Neuroprotective effect of N-acetylcysteine on neuronal apoptosis induced by a synthetic gingerdione compound: involvement of ERK and p38 phosphorylation.

Besides being used as a spice, ginger has been applied in oriental medicine to ameliorate symptoms such as inflammatory, rheumatic disorders, and gastrointestinal discomforts. The effects of ginger on neuronal cells, however, have not been explored.
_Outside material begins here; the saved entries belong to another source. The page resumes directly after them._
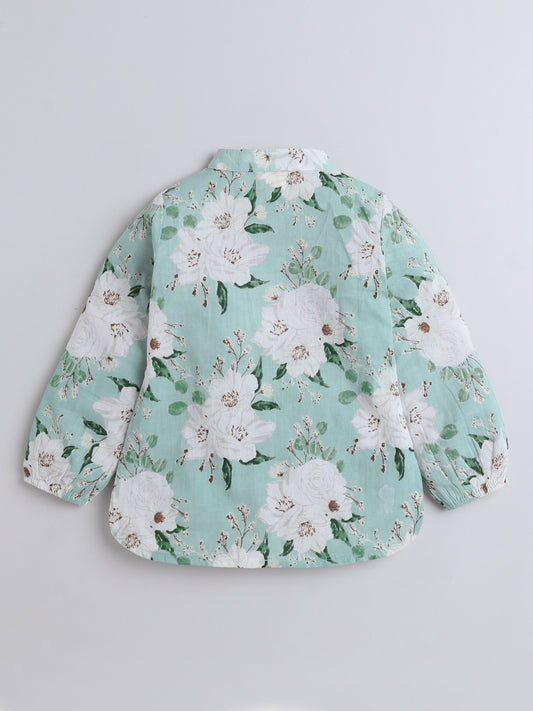 Floral Print Cotton Full Sleeves Loungewear Set-Mint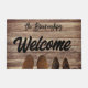Welcome your guests with cowboy boots on a rustic wood background. Personalize the text, remove any text or edit using the design tool to select a font style, size, and colour you prefer. A great housewarming or wedding gift idea. You can also add this design, where it fits appropriately, to one of the products shown in the transfer scroll bar on this page like the serving tray or bath mat.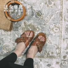 迷失麋鹿2017春夏款复古方头粗跟半拖鞋真皮外穿中跟凉拖鞋女夏
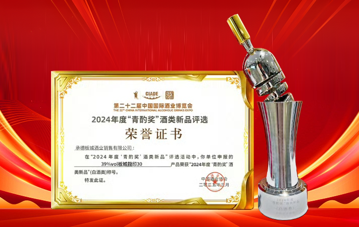 板城酒業(yè)-龍印30榮膺2024年度“青酌獎”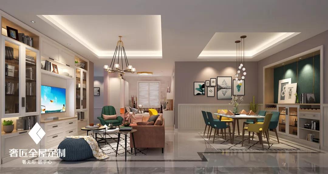 客廳、餐廳、書房的功能“三合一”,多個功能性空間進行組合設計,能夠更好的利用客廳空間,讓布局更加集中,有效避免單獨設立功能空間,面積不夠而顯得擁擠。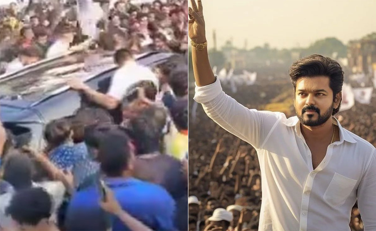 एयरपोर्ट पर तलपति विजय का स्वागत हीरो की तरह किया गया. सोशल मीडिया पर कई वीडियो में उनके आने पर भारी धूमधाम देखी गई. एक्टर की एक झलक पाने के लिए हजारों लोग एयरपोर्ट पर इकट्ठा हुए. किसी स्टार के लिए फैन्स का ऐसा क्रेजी प्यार आजकल कम ही देखने को मिलता है. विजय के इस वेलकम की तस्वीरें और वीडियो सोशल मीडिया पर वायरल हो रही हैं. एक वायरल क्लिप में दिखाया गया है कि फैन्स की भारी भीड़ के चलते उनकी गाड़ी को भी नुकसान हो गया. वीडियो में साफ दिख रहा है कि टोयोटा हाइब्रिड कार को नुकसान पहुंचा है. टूटे हुए कांच के टुकड़े बिखरे हुए थे. गाड़ी की बॉडी पर खरोंचें थीं और हर जगह डेंट थे.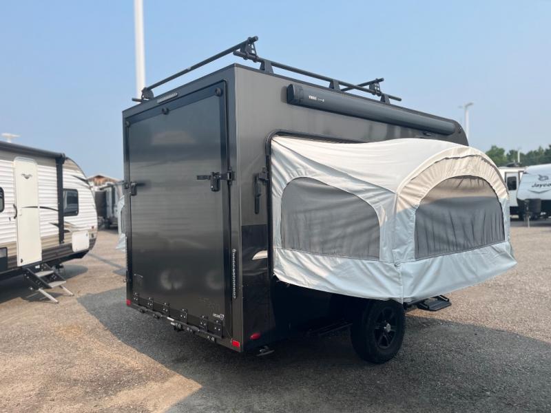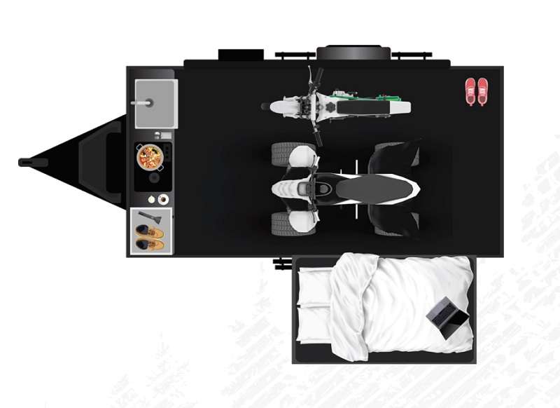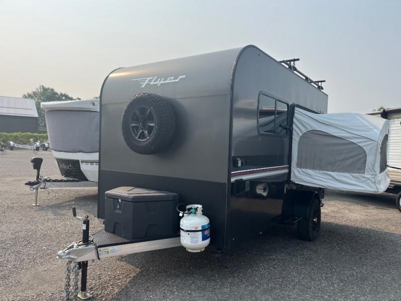The inTech RV Flyer travel trailers and toy haulers are ready for adventure whenever you are! With the all-aluminum, all-tube cage frame, the Flyer has been built with lightweight and long-lasting materials so that you can enjoy your unit for many, many years. The Flyer has a rugged design so that you can confidently explore new territory and go where traditional RVs cannot. The Flyer has a 2" rear receiver rated for 175 pounds which allows you to bring along your bikes, and the front tongue box is the perfect solution for your storage needs because it is easily accessible and out of the interior. The Flyer also comes with a Bluetooth stereo that has two speakers so that you can always have your best music playing, and the list of optional features is going to entice you to make your Flyer even more exceptional. The optional roof rack will allow you to bring along kayaks, and the optional A/C with heat is definitely going to be tempting to add.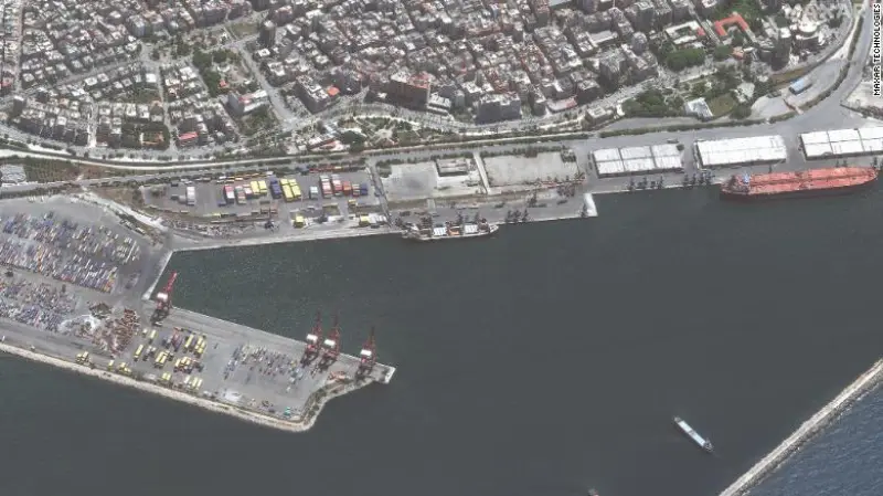 Российский корабль "Матрос Позынич", которым незаконно вывезли из Украины тысячи тонн зерна уже заметили в сирийском порту Латакия. Соответствующие фото со спутника сделала американская компания Maxar Technologies, сообщает CNN.

We investigate the effect of 1-(3,4-dimethoxyphenyl)-3,5-dodecenedione (I(6)), a derivative of gingerdione, on cultured cortical neurons. After a 5-day maturation period in vitro, cortical neurons were treated with I(6) for 24 hr and cell viability was assessed using MTT assay. I(6) induced neuronal death in a concentration-dependent manner. Hoechst 33342, propidium iodide (PI), and TUNEL staining confirmed that the reduced cell viability by I(6) was due to apoptosis. Pre-treatment of cell with N-acetylcysteine (NAC) prevented cell death in a concentration-dependent manner. N-acetylcysteine increased phosphorylated levels of p42 and p44 extracellular signal-regulated kinases (ERKs). In parallel, farnesyltransferase and MEK inhibitors blocked ERK phosphorylation and neuroprotective effect of NAC. Unexpectedly, NAC also increased phosphorylated level of p38 mitogen-activated protein kinase (MAPK) and p38 specific inhibitors dose-dependently attenuated the effect of NAC. Farnesyltransferase and MEK inhibitors completely abolished NAC-induced p38 phosphorylation whereas p38 inhibitor did not influence NAC-induced ERK phosphorylation. These results show that NAC serially activates ERKs and p38 MAPK, and ERKs and p38 work together to mediate the neuroprotective effect of NAC.